Current AI solutions, specifically Retrieval-Augmented Generation (RAG) and Multimodal Large Language Models (MLLMs), struggle here. Standard RAG retrieves documents based on semantic similarity, often missing visual context. MLLMs have context window limits and can hallucinate when overloaded with too many irrelevant images.

In this post, we explore Doc-React, a novel framework proposed by researchers from UC San Diego and Adobe. Doc-React treats document QA not as a static retrieval task, but as an iterative, agentic process. By mathematically balancing information gain against uncertainty, Doc-React progressively “reasons” its way through complex documents to find precise answers.

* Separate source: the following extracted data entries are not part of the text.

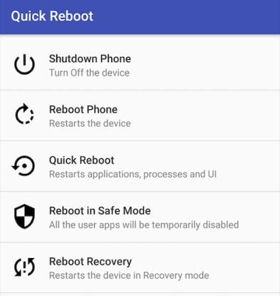 - Reboot to recovery — перезагружает ваше устройство в режим восстановления.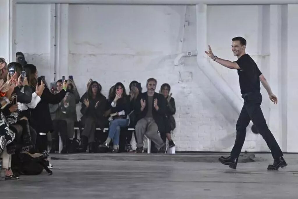 | Kevin Germanier salue le public suite à la présentation de ses créations par Germanier pour la collection Prêt-à-porter Femme Printemps-Été 2025 dans le cadre de la Fashion Week de Paris, à Paris le 24 septembre. |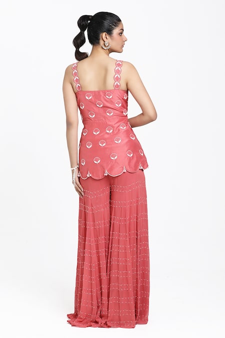 Onion pink hand embroidered kurta featuring a sweetheart neckline and sleeveless design with cutdana, resham, and bead work. Paired with a sharara and a matching dupatta.

The Problem: Why Single-Step Retrieval Fails

In traditional RAG, the system takes a user query, searches a database for the top-k most similar chunks (text or images), and feeds them to an LLM. This works for simple questions like “What is the company’s mission?”

However, complex documents require multi-hop reasoning. Consider the example below. The user asks about “active social network users” in a region with “252M mobile broadband subscriptions.”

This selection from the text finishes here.